We grow up and things are different. Better, mostly, because there’s nothing like making contact with someone who sees the world as you do, hears the same music at the same time. Someone who’s flawed in some of the same ways you are flawed, which means you can laugh about it together instead of agonizing over it alone.
First graders don’t have that kind of friendship; they can’t, because they don’t know what flaws are and their ears aren’t developed enough to hear the music, much less share it. But they also don’t put up the same walls we do. By adolescence, our heads are already filled with stories about everyone we see, even if we’ve just met them. I can’t be friends with him, because he’s different; or he won’t like me; or we’ll have nothing in common. Look at the clothes he wears! I can tell already, we’ll never be friends.

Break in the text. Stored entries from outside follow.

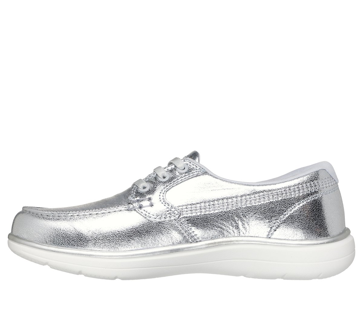 Stylish and versatile comfort combine in Skechers On-the-GO® Flex Radiant – Gleam. This skimmer style features a metallic coated canvas upper, high-rebound Skechers Air-Cooled Goga Mat™ insole, and lightweight ULTRA GO® cushioning.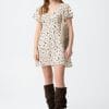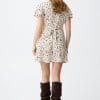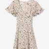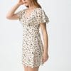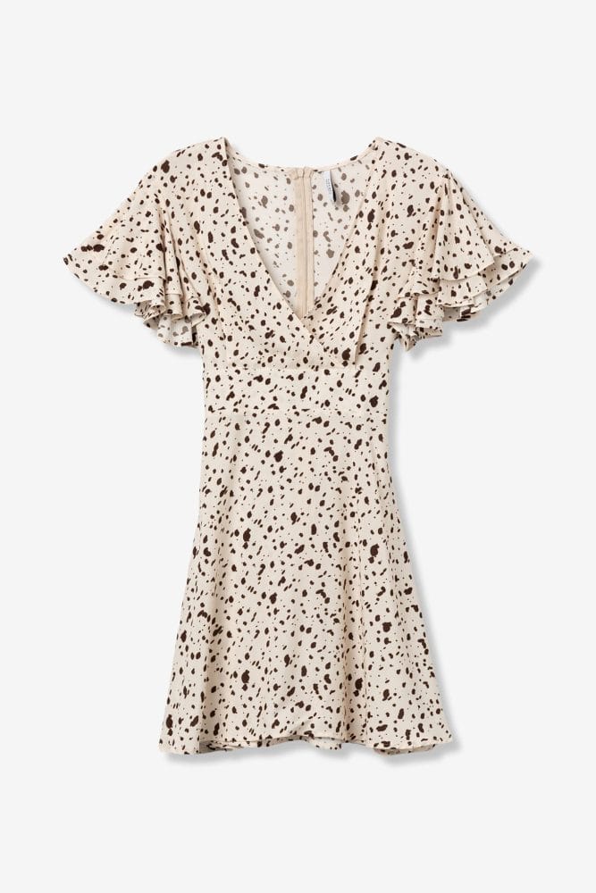 Vestido beige con estampado de manchas marrones, corte regular y mangas cortas con vuelo.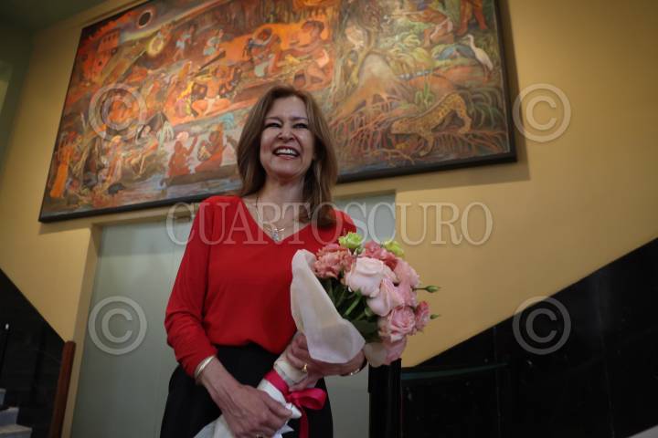 CIUDAD DE MÉXICO, 15AGOSTO2024. Llucina Jiménez, Directora General del INBAL durante la ceremonia en que se integro la pintura mural “Xibalbá, el inframundo de los mayas”, a la colección permanente del Área de Murales del Palacio de Bellas. FOTO: EDGAR NEGRETE LIRA/CUARTOSCURO.COM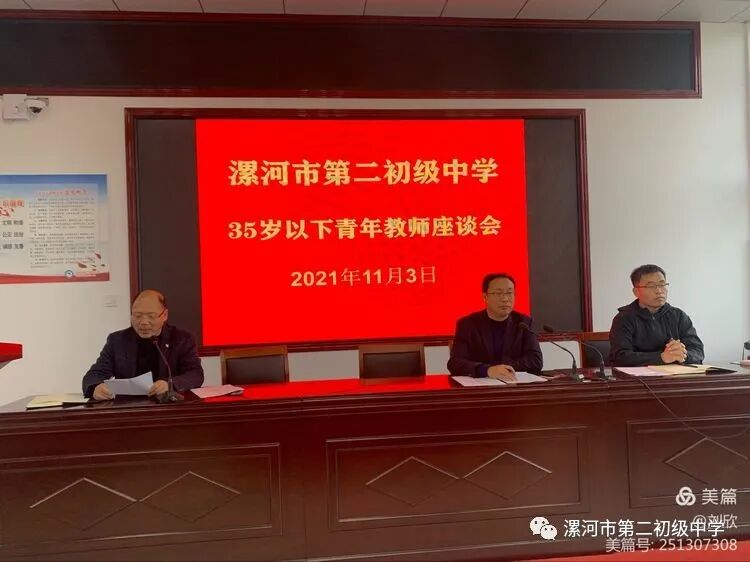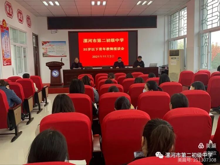 为加强与青年教师的沟通与交流,进一步了解他们的工作和生活,促进青年教师专业成长,2021年11月3日下午,漯河市第二初级中学召开了35岁以下青年教师座谈会。本次座谈会由教科室主任孙辉主持,吴金涛校长和主抓教学的王学文校长参加了会议。 吴金涛校长首先肯定了我校青年教师是一支健康的,积极向上的优秀团队。青年教师虽然年纪轻,但在工作岗位上可能会承担更重要的工作,挑更重的担子,请青年教师不忘初心,珍惜职业给我们带来的荣誉感。同时,他给青年教师提出:第一,如何认识自己;第二,如何发展自己;第三,如何成就自己。善良是根本,认真是基础,要一直保持热情;要发挥年轻的优势,尽情发挥特长;教育教学中要不断总结、反思,不要随波逐流。另外吴校长还要求青年老师们要树立远期成长目标,尽快成长为合格的、优秀的教师。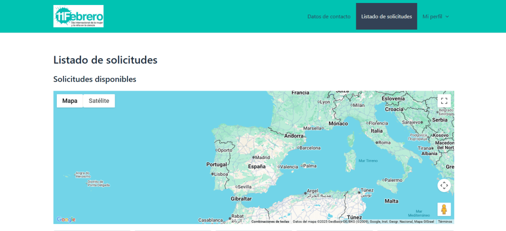 - Pestaña “Listado de solicitudes”: se verá un mapa con la localización de los centros educativos que solicitan charla. Elige la que más se ajuste a tu disponibilidad y temática, y propón tu charla.

My default stance with men my age is one of deference. Put me one on one with a man my age and I’ll feel six or ten or twenty years younger than I am: he’s a man of almost thirty, but I’m a boy, and a shy one at that. But for just a moment today, joking around with a coworker my age before a meeting, the walls came down and I smelled the green grass on the other side.
I remembered what it was like, just being with someone without a thought in my head. I saw the two of us from the outside: same height, same build (matter of fact, he’s skinnier). Who would guess one of us wasn’t a man — or felt like he wasn’t? I saw myself the way you see yourself in a triple mirror: just some guy. The sort of guy I might be scared of, or might want to be.
Well. It was just a moment, but it affected the rest of my day. Is it possible to see myself that way all the time? I think so. Maybe not for a while yet. But it’s good to remember what I’m moving towards.